Figure 4ROC and PR curves of the RPVT approach, the COMBI method and raw SVM weights using the independent validation pipeline as an indicator of replicability.
The results of all seven diseases have been pooled. The curves have been generated based on the replication of SNPs according to the GWAS catalog. Replicated reported associations are counted as true positives, and non-replicated associations as false positives. Note that the COMBI lines end at some point and the RPVT and the raw SVM lines continue. At the endpoint of the COMBI curve all SNPs selected in the SVM step are also significant in the statistical testing step; i.e. if one wanted to add just one more SNP to the list of reported associations, all other SNPs would also become significant, as they have a p-value of 1. The points on the RPVT and COMBI lines represent the final results of the two methods when applying the corresponding significance thresholds and are described in more detail in Table 3.
Empirical evaluation of the performance of the COMBI method on the WTCCC data, relative to that of basic RPVT.

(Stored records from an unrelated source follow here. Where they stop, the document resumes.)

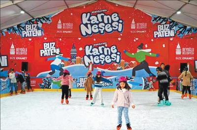1月16日起,土耳其全国中小学进入为期半个月的寒假。为丰富青少年假期生活,该国最大城市伊斯坦布尔市贝伊奥卢区政府在哈斯科伊帆船学校前的空地,临时铺设了免费滑冰场,成为当地儿童最喜爱的假期去处之一。
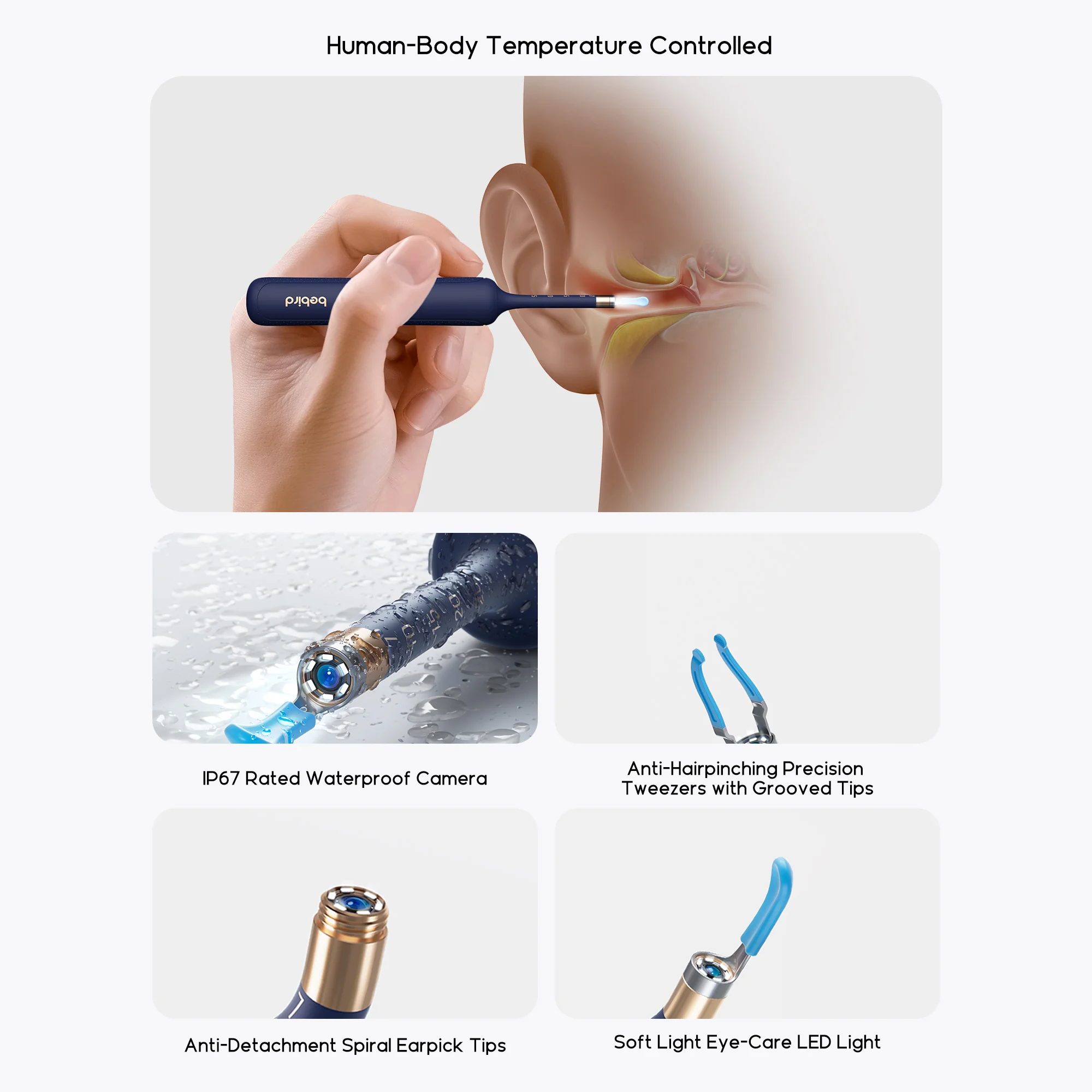 Experience a new level of ear hygiene with the Bebird EarSight Plus Smart Visual Ear Cleaner Camera, a state-of-the-art ear cleaning tool that combines advanced technology with user-friendly design. Featuring a high-definition 10-megapixel camera and six integrated LED lights, this device provides a clear, real-time view of your ear canal, allowing for precise and safe earwax removal. The flexible, bendable lens adapts to the natural curves of your ear, ensuring comfort and effectiveness during use.
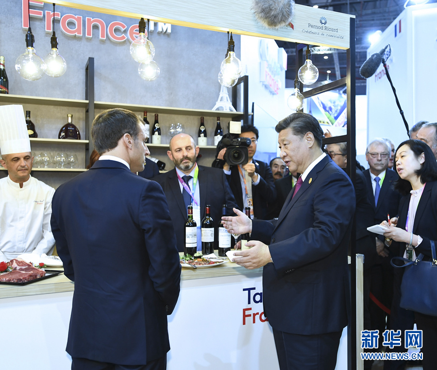 习近平在法国总统马克龙陪同下首先来到法国馆。马克龙热情邀请习近平品尝法国红酒和牛肉食品。在场法国企业家争先恐后向习近平表示,法国企业看好中国市场,希望进一步扩大对华出口。习近平指出,中国消费市场很大,可以满足不同层次的多样化需求,希望法国企业家展现长远眼光,同中国加强互利合作。
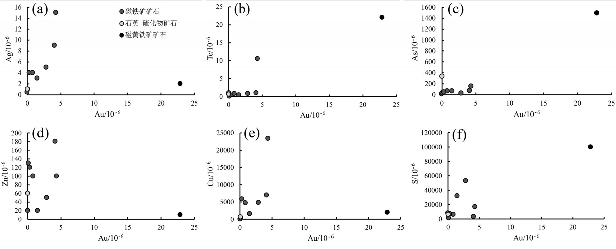 在金和相关元素的散点图中,可以看出在含磁铁矿金矿石中金和银有一定的正相关性(图5a),也印证之前认为的金是以银金矿形式赋存的;金矿石中金和锌、铜也具有一定的正相关性(图5d~e);除此之外砷、硫对金的成矿也具有一定影响(图5c、f)。特别注意的是,碲在金的沉淀过程中具有重要作用,从散点图中可以看出碲与金的相关性也比较好(图5b)。
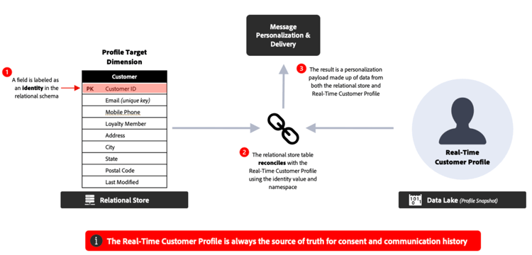 Campagne Orchestration in Adobe Journey Optimizer gebruikt een relationele database. Dit type van gegevensmodel heeft afzonderlijke schema's van gegevens die via 1 :1 of 1 :many verhoudingen worden verbonden. Dit laat gebruikers toe om een vraag op om het even welk schema te beginnen - niet alleen op ontvankelijk niveau - en dan terug en uit te keren naar andere verwante regelingen, zoals aankopen, producten, boeken of ontvankelijke details die grote flexibiliteit in verstrekken hoe de segmenten en het publiek kunnen worden gecreeerd en
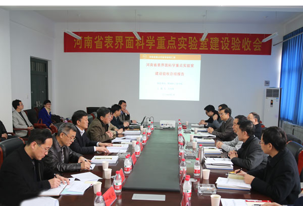3月24日,河南省科技厅组织专家对我校组建的河南省表界面科学重点实验室进行了检查验收。省科技厅基础研究处郭遂臣处长、胡根生调研员、王振亚等出席了验收汇报会。我校石恒真校长、龚毅副校长、吕彦力副校长,设备处、科技处、研究生处等部门负责人,河南省表界面科学重点实验室相关负责人以及学术带头人、学术骨干参加了验收会。
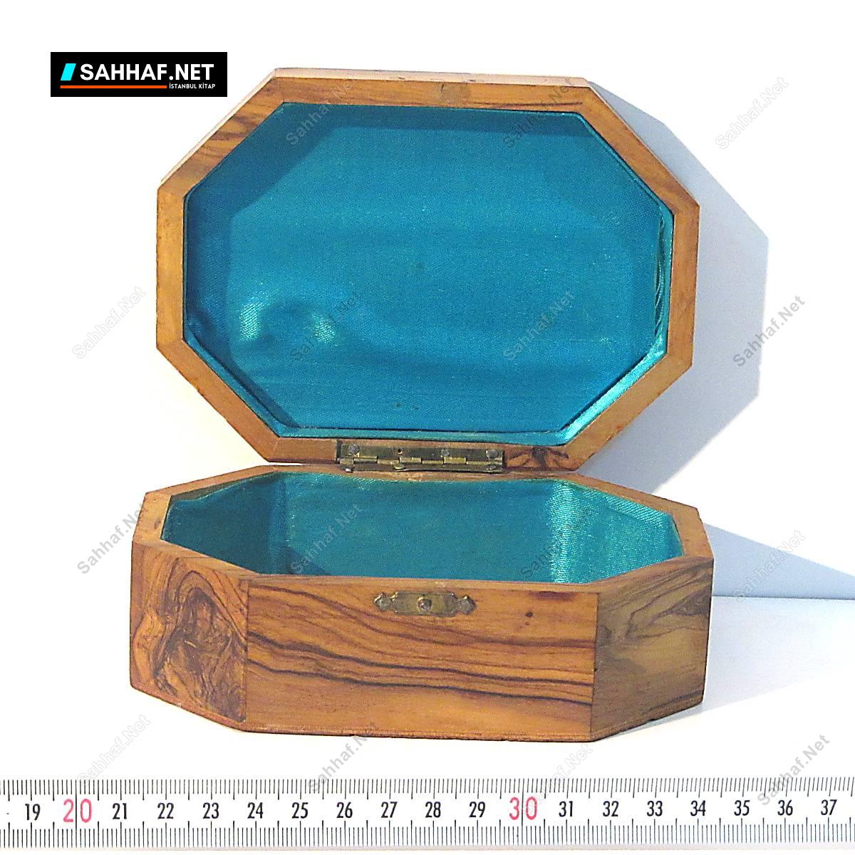 1970’lerden masif ahşap bir kutu. Zeytin ağacına benziyor, damarlı güzel desenli kalite bir parça. Kilit mekanizmasının bir parçası yok, önemli bir eksik değil.
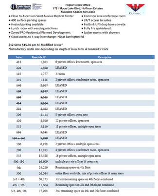 1721 Moon Lake Boulevard is a five-story structure with a dramatic three-story atrium. It currently has spaces between 250 - 75,000 square feet of contiguous office or medical space for lease. There are model suites available for immediate occupancy. The landlord will customize office buildout to meet tenant needs, and there is an extensive property renovation underway! Tenants have free access to fitness center with men's and women's locker rooms, as well as a common building conference and lunchroom. Onsite Property Management & Building Engineer On Site !
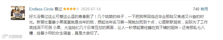 ▲网友#Endless Circle#:好久没看过这么可爱这么逗的青春剧了!几个姑娘的样子,一下把我带回临近毕业那段又焦虑又兴奋的时光。新晋社畜姜小果简直就是当年的我,想起当年实习第一周就加班到十点,心里默默骂街,实际为了工作底线深不可测 小果、大宝她们几个日常互怼的画面,让人一秒想起曾经睡在我下铺的姐妹~还有那乱七八糟,挂着小帘的女生寝室,真是太亲切了。
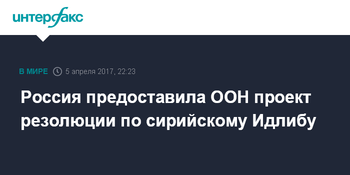 Москва. 5 апреля. INTERFAX.RU - Россия в среду распространила в Совете Безопасности ООН короткий проект резолюции по Сирии, нацеленный на расследование химической атаки в Идлибе, в ответ на документ, представленный западной тройкой стран, сообщил пресс-секретарь Постоянного представительства РФ при ООН Федор Стржижовский.
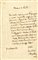 Manoscritto a inchiostro nero. 1 bifolio, scritta 1 pagina. Testo in francese. Su carta intestata dell'autore (timbro a secco con monogrammi). Dimensioni: 209x135 mm.
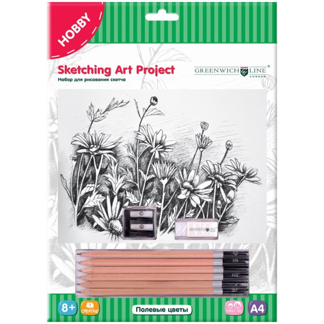 Набор для рисования скетча Greenwich Line "Полевые цветы", A4, карандаши, ластик, точилка, картон
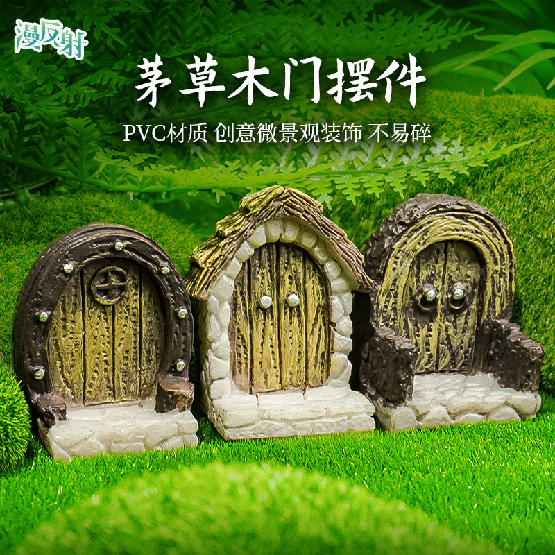 金魚鉢の造景の置物のシミュレーションの独特な小さい木の扉の額縁の部品の樹脂のホビット人の扉の扉の店主は推薦します。

| Number of SNPs reaching significance applying | ||
|---|---|---|
| RPVT | COMBI Method | |
| SNPs that have achieved <10−5 in at least one external study | 24 (32% precision) | 28 (61% precision) |
| SNPs that have not achieved <10−5 in an external study | 52 (68% error) | 18 (39% error) |
| Overall | 76 | 46 |
| 0.0014 | ||
The table represents the information given by the points on the RPVT and COMBI lines in Fig. 4. The final results of the two methods when applying the corresponding significance thresholds are shown. At significance threshold t* = 10−5, COMBI achieves 28 SNPs recall at precision 61%, while RPVT achieves a recall of only 24 SNPs at precision 32%.